Tray Maddox

No. 0 – Al Nawair
- Position: Shooting guard
- League: Syrian Basketball League

Personal information
- Born: August 13, 2000 (age 26) Novi, Michigan, U.S.
- Listed height: 6 ft 6 in (1.98 m)
- Listed weight: 200 lb (91 kg)

Career information
- High school: Novi (Novi, Michigan)
- College: Oakland (2018–2020); Cal State Fullerton (2020–2022); Western Michigan (2022–2023);
- NBA draft: 2023: undrafted
- Playing career: 2023–present

Career history
- 2023–2024: Osceola Magic
- 2024: Cleveland Charge
- 2024–2025: Windsor Express
- 2025: Texas Legends
- 2025: Astros de Jalisco
- 2026: Beirut Club
- 2026–present: Al Nawair

= Tray Maddox =

American basketball player (born 2000)

Traveon Kierr Maddox Jr. (born August 13, 2000) is an American professional basketball player for Al Nawair of the Syrian Basketball League. He played college basketball for the Oakland Golden Grizzlies, Cal State Fullerton Titans and Western Michigan Broncos.

==Early life==
Maddox was born in Novi, Michigan, on August 13, 2000. He played basketball and football for the Wildcats. He had multiple D-I offers for football, but he chose to pursue basketball because of the threat of injuries and CTE. He received basketball offers from Syracuse, Ball State, Kent State, and Oakland, and committed to play for the Oakland Golden Grizzlies and coach Greg Kampe.

==College career==
As a freshman at Oakland, Maddox averaged 6.7 points and 2.4 rebounds per game. He had a better season as a sophomore, putting up 9.0 points, 3.0 rebounds, and 2.2 assists during the 2019–20 season. He transferred to Cal State Fullerton for his junior year.
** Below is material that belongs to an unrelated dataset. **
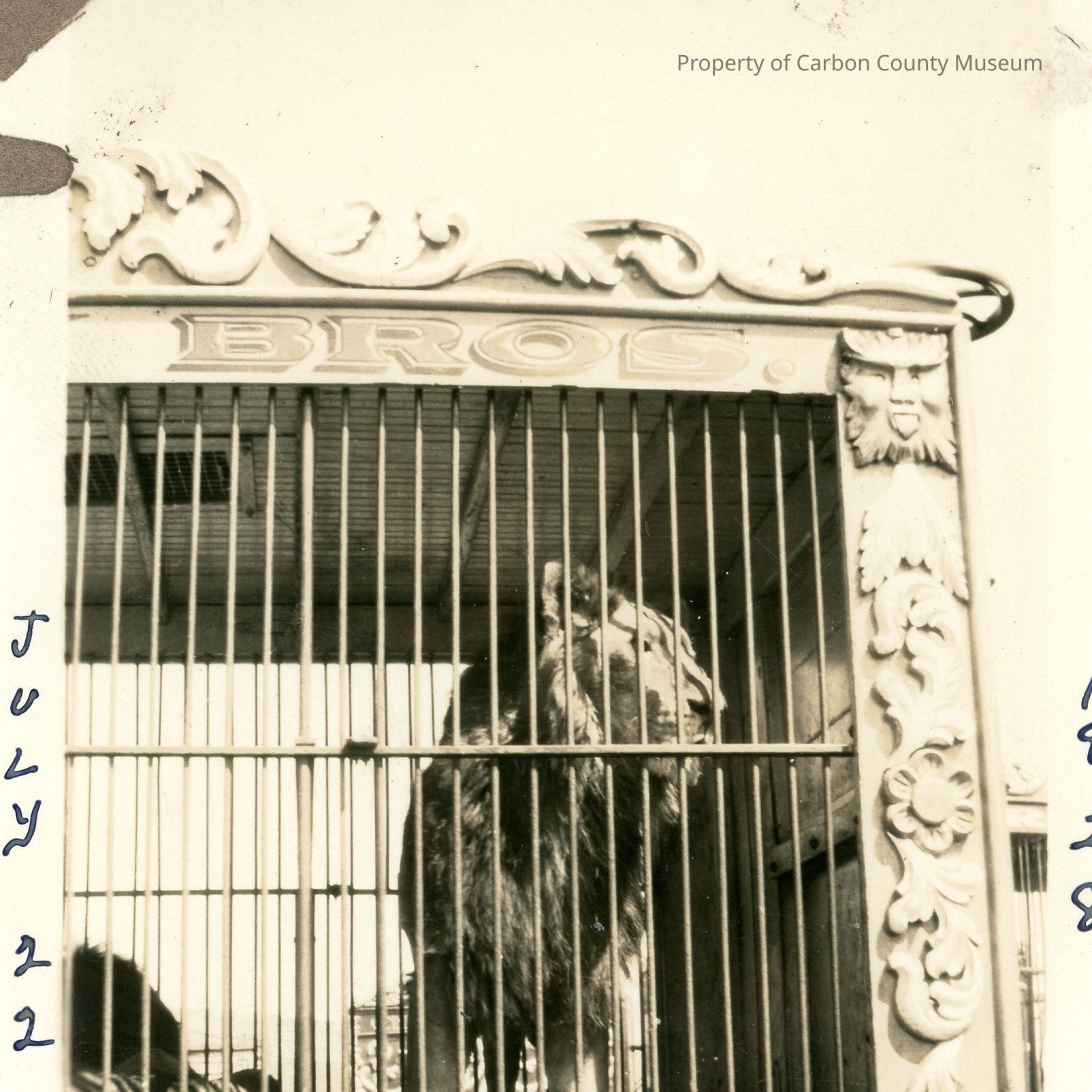 Black and white photograph. A male lion is standing in a cage. Written along the top edge of the photograph is "RAWLINS", written along the bottom is "LIONS", written vertically along the left is "JULY 22", written vertically along the right is "1928". Printed on the reverse is the number 28, also present is a circular green stamp that reads "MEYERS PHOTOS PHOTO FINISHING RAWLINS, WYO".Collection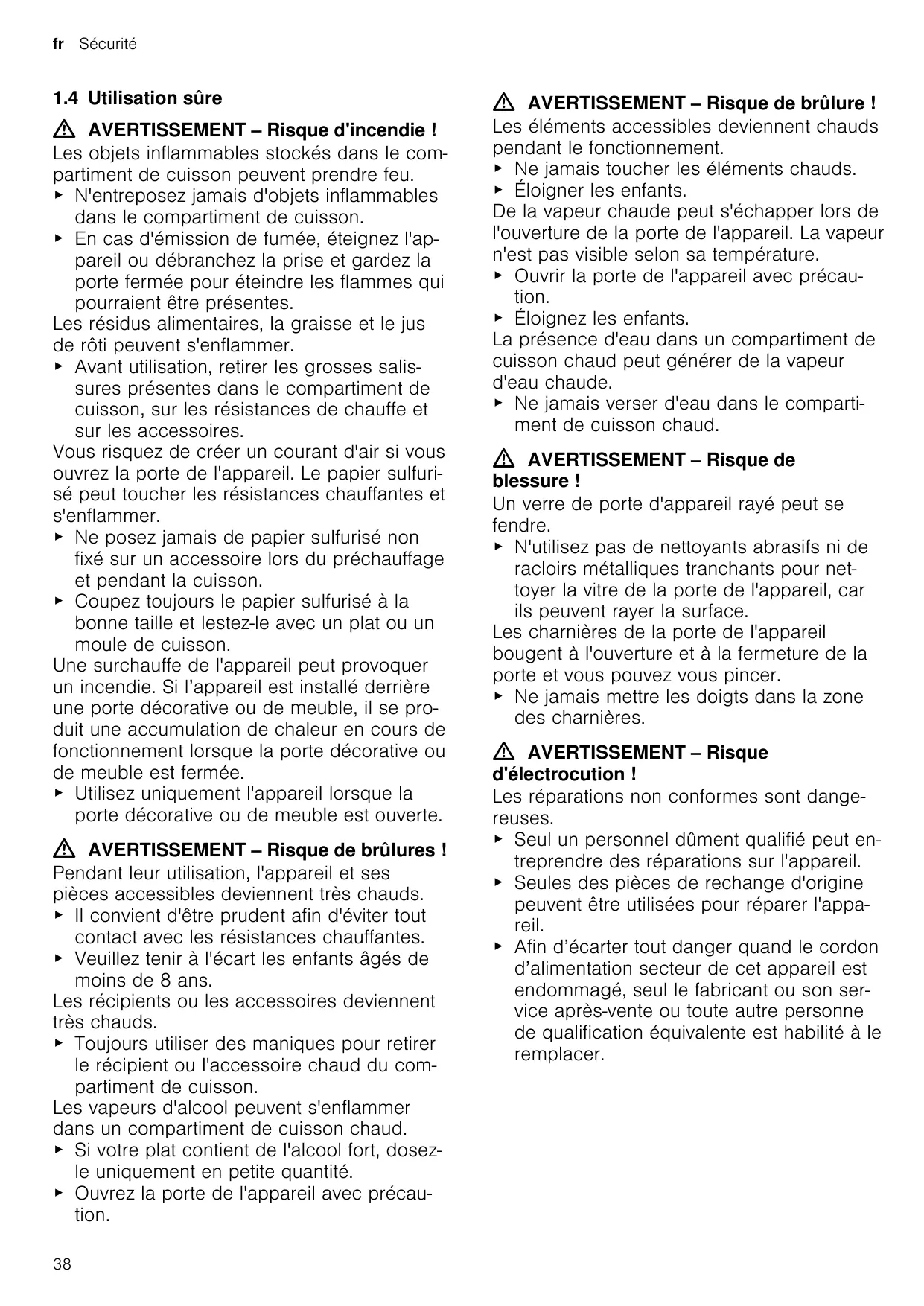 1.4 Utilisation sûre AVERTISSEMENT ‒ Risque d'incendie ! Les objets inflammables stockés dans le compartiment de cuisson peuvent prendre feu. ▶ N'entreposez jamais d'objets inflammables dans le compartiment de cuisson. ▶ En cas d'émission de fumée, éteignez l'appareil ou débranchez la prise et gardez la porte fermée pour éteindre les flammes qui pourraient être présentes. Les résidus alimentaires, la graisse et le jus de rôti peuvent s'enflammer. ▶ Avant utilisation, retirer les grosses salissures présentes dans le compartiment de cuisson, sur les résistances de chauffe et sur les accessoires. Vous risquez de créer un courant d'air si vous ouvrez la porte de l'appareil. Le papier sulfurisé peut toucher les résistances chauffantes et s'enflammer. ▶ Ne posez jamais de papier sulfurisé non fixé sur un accessoire lors du préchauffage et pendant la cuisson. ▶ Coupez toujours le papier sulfurisé à la bonne taille et lestez-le avec un plat ou un moule de cuisson. Une surchauffe de l'appareil peut provoquer un incendie. Si l’appareil est installé derrière une porte décorative ou de meuble, il se produit une accumulation de chaleur en cours de fonctionnement lorsque la porte décorative ou de meuble est fermée. ▶ Utilisez uniquement l'appareil lorsque la porte décorative ou de meuble est ouverte. AVERTISSEMENT ‒ Risque de brûlures ! Pendant leur utilisation, l'appareil et ses pièces accessibles deviennent très chauds. ▶ Il convient d'être prudent afin d'éviter tout contact avec les résistances chauffantes. ▶ Veuillez tenir à l'écart les enfants âgés de moins de 8 ans. Les récipients ou les accessoires deviennent très chauds. ▶ Toujours utiliser des maniques pour retirer le récipient ou l'accessoire chaud du compartiment de cuisson. Les vapeurs d'alcool peuvent s'enflammer dans un compartiment de cuisson chaud. ▶ Si votre plat contient de l'alcool fort, dosezle uniquement en petite quantité. ▶ Ouvrez la porte de l'appareil avec précaution. 38

During his first year at CSU Fullerton, he averaged 15.9 points and made Second Team All-Big West Conference in the COVID shortened season. In 2021-22 for the Titans, Maddox averaged 9.5 points, 2.6 rebounds, 1.9 assists and 1.1 steals, helping CSUF win the Big West and reach March Madness for the first time since 2018. He transferred closer to his hometown to play at Western Michigan, using his final year of eligibility to play for the Broncos.

As a senior for the Broncos, Maddox 12.5 points and 3.8 rebounds in 25 games, starting 18 at shooting guard. He put up his collegiate career high against Miami, putting up 25 versus the Hurricanes. He also put up 22 on Senior Night against Central Michigan, including 6 three-pointers.

==Professional career==
===Osceola Magic (2023–2024)===
Maddox was selected with the fourth pick of the second round (34th overall) by the Osceola Magic in the 2023 NBA G-League Draft.

===Cleveland Charge (2024)===
On March 6, 2024, Maddox was traded to the Cleveland Charge.

On August 29, 2024, Maddox was traded to the Long Island Nets, but was waived on November 4.

===Windsor Express (2024)===
In December 2024, Maddox joined the Windsor Express of the Basketball Super League.